Career executives get a transition primer

With the election outcome still in doubt last week, federal executives spent two days learning skills for surviving a presidential transition. Scholars, political appointees, policymakers and career executives shared their experiences, research, opinions and plain old common-sense advice during a seminar sponsored by the Senior Executives Association. "If the team doesn't hit the ground running, a lot of time can be lost [and] the honeymoon period can dissipate," said Kathleen Buto, a career executive at the Congressional Budget Office who has also served at the Health Care Financing Administration. "In the haste, you make mistakes." Buto, who has already weathered two presidential transitions, joined two other federal agency veterans on a panel that discussed changes in political leadership. "If you can't implement the policies of your new boss, it's time for a new job," said Frank Pugliese, who retired in September from his position as commissioner of the Federal Supply Service at the General Services Administration. New political appointees may be hesitant to trust managers who served under a prior administration, panelists said, so federal managers should focus on earning the new bosses' trust. "We're not the politicians, but we know about the politics of an issue," Buto said.
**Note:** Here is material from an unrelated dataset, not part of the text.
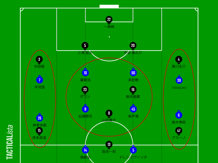 町田は自陣のバイタル、まず中を固める事を第一としているため、どうしても外が空く。
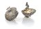Coppia di vaschette a forma di conchiglia con impugnatura scultorea a guisa di delfino e sostenute idealmente da un piccolo granchio cm 6,5x6,5x6,5 - peso complessivo gr. 160

Career executives need to put themselves in political appointees' shoes, one panelist said. "The incoming staff really needs you, but they don't want you to know how much they need you," said W. Harrison Welford, who served on two presidential transition teams and advised President Clinton on his transition in 1992. Work hard to smooth the way for your new boss, panelists said. Provide background information, offer advice, communicate and, most importantly, interact with your new boss. "It is a terrible mistake for political appointees to just surround themselves with other political appointees," said Harriett Babbitt, deputy administrator of the Agency for International Development. "View each encounter as an opportunity to build trust between both sets of folks." In the end, the biggest assets of career executives are first-rate skills and professionalism, panelists said. "It isn't which pay system that you're under," said Harold Gracey, former chief information officer at the Department of Veterans Affairs. "It's whether or not you can do your job."